Task description => Copy all the records exactly; the complete set is the expected result.

Extracted records
*** Begin section ***
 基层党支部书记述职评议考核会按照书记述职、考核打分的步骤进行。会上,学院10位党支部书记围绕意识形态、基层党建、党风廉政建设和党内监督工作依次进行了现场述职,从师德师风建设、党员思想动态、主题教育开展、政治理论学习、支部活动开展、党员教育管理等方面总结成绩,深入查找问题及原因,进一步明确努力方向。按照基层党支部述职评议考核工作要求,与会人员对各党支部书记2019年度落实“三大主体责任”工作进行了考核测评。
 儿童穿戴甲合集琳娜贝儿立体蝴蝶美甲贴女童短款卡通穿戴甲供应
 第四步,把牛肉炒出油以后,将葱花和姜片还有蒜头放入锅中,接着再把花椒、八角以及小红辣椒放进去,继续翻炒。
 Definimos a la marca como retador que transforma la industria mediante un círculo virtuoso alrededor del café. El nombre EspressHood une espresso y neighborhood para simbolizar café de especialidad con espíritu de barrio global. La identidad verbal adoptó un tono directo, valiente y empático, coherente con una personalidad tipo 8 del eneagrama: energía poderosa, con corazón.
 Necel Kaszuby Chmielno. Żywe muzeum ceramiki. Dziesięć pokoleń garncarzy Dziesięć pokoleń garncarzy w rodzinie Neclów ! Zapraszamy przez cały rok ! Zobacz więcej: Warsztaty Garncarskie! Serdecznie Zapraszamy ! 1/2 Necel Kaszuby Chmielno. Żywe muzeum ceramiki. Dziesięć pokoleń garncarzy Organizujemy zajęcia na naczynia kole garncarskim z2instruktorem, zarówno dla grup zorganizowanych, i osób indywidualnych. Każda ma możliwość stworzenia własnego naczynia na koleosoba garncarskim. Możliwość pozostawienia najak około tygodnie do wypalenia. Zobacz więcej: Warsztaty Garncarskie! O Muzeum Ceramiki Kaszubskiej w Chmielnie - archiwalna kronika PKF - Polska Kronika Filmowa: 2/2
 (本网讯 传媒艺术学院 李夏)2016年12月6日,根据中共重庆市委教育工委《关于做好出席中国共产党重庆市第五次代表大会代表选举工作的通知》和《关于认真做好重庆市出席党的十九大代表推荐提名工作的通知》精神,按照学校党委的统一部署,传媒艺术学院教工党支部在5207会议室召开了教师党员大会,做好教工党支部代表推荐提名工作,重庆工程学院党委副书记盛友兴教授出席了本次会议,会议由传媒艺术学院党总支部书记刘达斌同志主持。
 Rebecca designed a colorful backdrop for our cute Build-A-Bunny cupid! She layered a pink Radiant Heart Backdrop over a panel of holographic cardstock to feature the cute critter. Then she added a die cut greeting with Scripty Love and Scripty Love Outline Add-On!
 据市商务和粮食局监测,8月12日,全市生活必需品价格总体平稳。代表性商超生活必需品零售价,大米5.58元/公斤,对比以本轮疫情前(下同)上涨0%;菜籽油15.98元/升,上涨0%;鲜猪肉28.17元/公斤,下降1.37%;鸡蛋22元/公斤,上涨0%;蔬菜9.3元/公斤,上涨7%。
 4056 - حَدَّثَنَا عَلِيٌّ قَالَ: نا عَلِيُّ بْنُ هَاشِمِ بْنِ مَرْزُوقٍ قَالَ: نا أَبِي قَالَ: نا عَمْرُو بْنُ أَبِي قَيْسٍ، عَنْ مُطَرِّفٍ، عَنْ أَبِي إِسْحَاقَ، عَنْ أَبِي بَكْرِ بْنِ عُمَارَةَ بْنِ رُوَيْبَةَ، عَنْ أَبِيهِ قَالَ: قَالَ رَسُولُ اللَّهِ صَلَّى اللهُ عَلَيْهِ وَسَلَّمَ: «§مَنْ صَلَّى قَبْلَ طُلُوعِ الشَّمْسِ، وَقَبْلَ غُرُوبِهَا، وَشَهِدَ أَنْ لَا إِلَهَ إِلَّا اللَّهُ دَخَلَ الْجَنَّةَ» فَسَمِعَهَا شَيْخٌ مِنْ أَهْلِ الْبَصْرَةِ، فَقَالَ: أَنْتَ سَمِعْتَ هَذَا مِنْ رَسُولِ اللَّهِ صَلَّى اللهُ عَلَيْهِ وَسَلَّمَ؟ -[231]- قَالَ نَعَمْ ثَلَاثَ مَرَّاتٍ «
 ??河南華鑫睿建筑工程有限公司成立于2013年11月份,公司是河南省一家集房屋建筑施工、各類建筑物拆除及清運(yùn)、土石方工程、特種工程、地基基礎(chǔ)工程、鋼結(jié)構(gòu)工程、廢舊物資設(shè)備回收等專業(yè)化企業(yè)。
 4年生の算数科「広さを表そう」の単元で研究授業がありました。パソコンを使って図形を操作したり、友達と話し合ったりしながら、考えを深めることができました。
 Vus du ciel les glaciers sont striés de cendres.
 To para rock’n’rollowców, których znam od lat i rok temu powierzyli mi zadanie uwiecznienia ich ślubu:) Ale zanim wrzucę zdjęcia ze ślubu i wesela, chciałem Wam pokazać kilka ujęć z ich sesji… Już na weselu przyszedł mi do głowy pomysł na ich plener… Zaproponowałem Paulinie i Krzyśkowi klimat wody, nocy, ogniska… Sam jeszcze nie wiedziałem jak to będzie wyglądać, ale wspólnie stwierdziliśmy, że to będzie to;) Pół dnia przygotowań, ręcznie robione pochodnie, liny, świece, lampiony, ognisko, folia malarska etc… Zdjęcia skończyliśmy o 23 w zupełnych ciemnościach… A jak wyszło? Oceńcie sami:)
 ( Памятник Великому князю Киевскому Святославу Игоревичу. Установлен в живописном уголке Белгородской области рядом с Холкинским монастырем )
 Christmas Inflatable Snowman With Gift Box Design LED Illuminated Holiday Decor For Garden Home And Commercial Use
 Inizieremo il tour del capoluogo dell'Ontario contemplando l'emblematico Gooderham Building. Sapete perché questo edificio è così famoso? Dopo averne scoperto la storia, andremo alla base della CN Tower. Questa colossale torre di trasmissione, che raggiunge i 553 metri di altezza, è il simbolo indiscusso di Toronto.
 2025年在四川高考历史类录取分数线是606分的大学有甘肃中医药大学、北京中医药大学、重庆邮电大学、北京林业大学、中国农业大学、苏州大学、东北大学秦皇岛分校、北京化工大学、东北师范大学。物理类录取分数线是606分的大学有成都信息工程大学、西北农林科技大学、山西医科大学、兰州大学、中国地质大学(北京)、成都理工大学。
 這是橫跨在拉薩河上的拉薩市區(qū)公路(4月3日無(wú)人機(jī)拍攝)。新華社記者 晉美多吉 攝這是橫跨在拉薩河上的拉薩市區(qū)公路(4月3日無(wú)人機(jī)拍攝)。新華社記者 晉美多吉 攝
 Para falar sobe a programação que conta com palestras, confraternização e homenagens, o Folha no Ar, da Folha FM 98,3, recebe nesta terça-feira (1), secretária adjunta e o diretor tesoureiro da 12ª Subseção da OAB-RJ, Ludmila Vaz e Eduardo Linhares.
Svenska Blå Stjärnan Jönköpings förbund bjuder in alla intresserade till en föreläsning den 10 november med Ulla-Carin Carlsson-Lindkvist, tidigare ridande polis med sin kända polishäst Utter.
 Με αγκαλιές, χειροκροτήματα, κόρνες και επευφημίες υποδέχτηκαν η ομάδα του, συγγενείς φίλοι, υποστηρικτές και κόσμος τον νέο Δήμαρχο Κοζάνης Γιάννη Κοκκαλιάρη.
*** End section ***
Output for this exercise =>
 基层党支部书记述职评议考核会按照书记述职、考核打分的步骤进行。会上,学院10位党支部书记围绕意识形态、基层党建、党风廉政建设和党内监督工作依次进行了现场述职,从师德师风建设、党员思想动态、主题教育开展、政治理论学习、支部活动开展、党员教育管理等方面总结成绩,深入查找问题及原因,进一步明确努力方向。按照基层党支部述职评议考核工作要求,与会人员对各党支部书记2019年度落实“三大主体责任”工作进行了考核测评。
 儿童穿戴甲合集琳娜贝儿立体蝴蝶美甲贴女童短款卡通穿戴甲供应
 第四步,把牛肉炒出油以后,将葱花和姜片还有蒜头放入锅中,接着再把花椒、八角以及小红辣椒放进去,继续翻炒。
 Definimos a la marca como retador que transforma la industria mediante un círculo virtuoso alrededor del café. El nombre EspressHood une espresso y neighborhood para simbolizar café de especialidad con espíritu de barrio global. La identidad verbal adoptó un tono directo, valiente y empático, coherente con una personalidad tipo 8 del eneagrama: energía poderosa, con corazón.
 Necel Kaszuby Chmielno. Żywe muzeum ceramiki. Dziesięć pokoleń garncarzy Dziesięć pokoleń garncarzy w rodzinie Neclów ! Zapraszamy przez cały rok ! Zobacz więcej: Warsztaty Garncarskie! Serdecznie Zapraszamy ! 1/2 Necel Kaszuby Chmielno. Żywe muzeum ceramiki. Dziesięć pokoleń garncarzy Organizujemy zajęcia na naczynia kole garncarskim z2instruktorem, zarówno dla grup zorganizowanych, i osób indywidualnych. Każda ma możliwość stworzenia własnego naczynia na koleosoba garncarskim. Możliwość pozostawienia najak około tygodnie do wypalenia. Zobacz więcej: Warsztaty Garncarskie! O Muzeum Ceramiki Kaszubskiej w Chmielnie - archiwalna kronika PKF - Polska Kronika Filmowa: 2/2
 (本网讯 传媒艺术学院 李夏)2016年12月6日,根据中共重庆市委教育工委《关于做好出席中国共产党重庆市第五次代表大会代表选举工作的通知》和《关于认真做好重庆市出席党的十九大代表推荐提名工作的通知》精神,按照学校党委的统一部署,传媒艺术学院教工党支部在5207会议室召开了教师党员大会,做好教工党支部代表推荐提名工作,重庆工程学院党委副书记盛友兴教授出席了本次会议,会议由传媒艺术学院党总支部书记刘达斌同志主持。
 Rebecca designed a colorful backdrop for our cute Build-A-Bunny cupid! She layered a pink Radiant Heart Backdrop over a panel of holographic cardstock to feature the cute critter. Then she added a die cut greeting with Scripty Love and Scripty Love Outline Add-On!
 据市商务和粮食局监测,8月12日,全市生活必需品价格总体平稳。代表性商超生活必需品零售价,大米5.58元/公斤,对比以本轮疫情前(下同)上涨0%;菜籽油15.98元/升,上涨0%;鲜猪肉28.17元/公斤,下降1.37%;鸡蛋22元/公斤,上涨0%;蔬菜9.3元/公斤,上涨7%。
 4056 - حَدَّثَنَا عَلِيٌّ قَالَ: نا عَلِيُّ بْنُ هَاشِمِ بْنِ مَرْزُوقٍ قَالَ: نا أَبِي قَالَ: نا عَمْرُو بْنُ أَبِي قَيْسٍ، عَنْ مُطَرِّفٍ، عَنْ أَبِي إِسْحَاقَ، عَنْ أَبِي بَكْرِ بْنِ عُمَارَةَ بْنِ رُوَيْبَةَ، عَنْ أَبِيهِ قَالَ: قَالَ رَسُولُ اللَّهِ صَلَّى اللهُ عَلَيْهِ وَسَلَّمَ: «§مَنْ صَلَّى قَبْلَ طُلُوعِ الشَّمْسِ، وَقَبْلَ غُرُوبِهَا، وَشَهِدَ أَنْ لَا إِلَهَ إِلَّا اللَّهُ دَخَلَ الْجَنَّةَ» فَسَمِعَهَا شَيْخٌ مِنْ أَهْلِ الْبَصْرَةِ، فَقَالَ: أَنْتَ سَمِعْتَ هَذَا مِنْ رَسُولِ اللَّهِ صَلَّى اللهُ عَلَيْهِ وَسَلَّمَ؟ -[231]- قَالَ نَعَمْ ثَلَاثَ مَرَّاتٍ «
 ??河南華鑫睿建筑工程有限公司成立于2013年11月份,公司是河南省一家集房屋建筑施工、各類建筑物拆除及清運(yùn)、土石方工程、特種工程、地基基礎(chǔ)工程、鋼結(jié)構(gòu)工程、廢舊物資設(shè)備回收等專業(yè)化企業(yè)。
 4年生の算数科「広さを表そう」の単元で研究授業がありました。パソコンを使って図形を操作したり、友達と話し合ったりしながら、考えを深めることができました。
 Vus du ciel les glaciers sont striés de cendres.
 To para rock’n’rollowców, których znam od lat i rok temu powierzyli mi zadanie uwiecznienia ich ślubu:) Ale zanim wrzucę zdjęcia ze ślubu i wesela, chciałem Wam pokazać kilka ujęć z ich sesji… Już na weselu przyszedł mi do głowy pomysł na ich plener… Zaproponowałem Paulinie i Krzyśkowi klimat wody, nocy, ogniska… Sam jeszcze nie wiedziałem jak to będzie wyglądać, ale wspólnie stwierdziliśmy, że to będzie to;) Pół dnia przygotowań, ręcznie robione pochodnie, liny, świece, lampiony, ognisko, folia malarska etc… Zdjęcia skończyliśmy o 23 w zupełnych ciemnościach… A jak wyszło? Oceńcie sami:)
 ( Памятник Великому князю Киевскому Святославу Игоревичу. Установлен в живописном уголке Белгородской области рядом с Холкинским монастырем )
 Christmas Inflatable Snowman With Gift Box Design LED Illuminated Holiday Decor For Garden Home And Commercial Use
 Inizieremo il tour del capoluogo dell'Ontario contemplando l'emblematico Gooderham Building. Sapete perché questo edificio è così famoso? Dopo averne scoperto la storia, andremo alla base della CN Tower. Questa colossale torre di trasmissione, che raggiunge i 553 metri di altezza, è il simbolo indiscusso di Toronto.
 2025年在四川高考历史类录取分数线是606分的大学有甘肃中医药大学、北京中医药大学、重庆邮电大学、北京林业大学、中国农业大学、苏州大学、东北大学秦皇岛分校、北京化工大学、东北师范大学。物理类录取分数线是606分的大学有成都信息工程大学、西北农林科技大学、山西医科大学、兰州大学、中国地质大学(北京)、成都理工大学。
 這是橫跨在拉薩河上的拉薩市區(qū)公路(4月3日無(wú)人機(jī)拍攝)。新華社記者 晉美多吉 攝這是橫跨在拉薩河上的拉薩市區(qū)公路(4月3日無(wú)人機(jī)拍攝)。新華社記者 晉美多吉 攝
 Para falar sobe a programação que conta com palestras, confraternização e homenagens, o Folha no Ar, da Folha FM 98,3, recebe nesta terça-feira (1), secretária adjunta e o diretor tesoureiro da 12ª Subseção da OAB-RJ, Ludmila Vaz e Eduardo Linhares.
Svenska Blå Stjärnan Jönköpings förbund bjuder in alla intresserade till en föreläsning den 10 november med Ulla-Carin Carlsson-Lindkvist, tidigare ridande polis med sin kända polishäst Utter.
 Με αγκαλιές, χειροκροτήματα, κόρνες και επευφημίες υποδέχτηκαν η ομάδα του, συγγενείς φίλοι, υποστηρικτές και κόσμος τον νέο Δήμαρχο Κοζάνης Γιάννη Κοκκαλιάρη.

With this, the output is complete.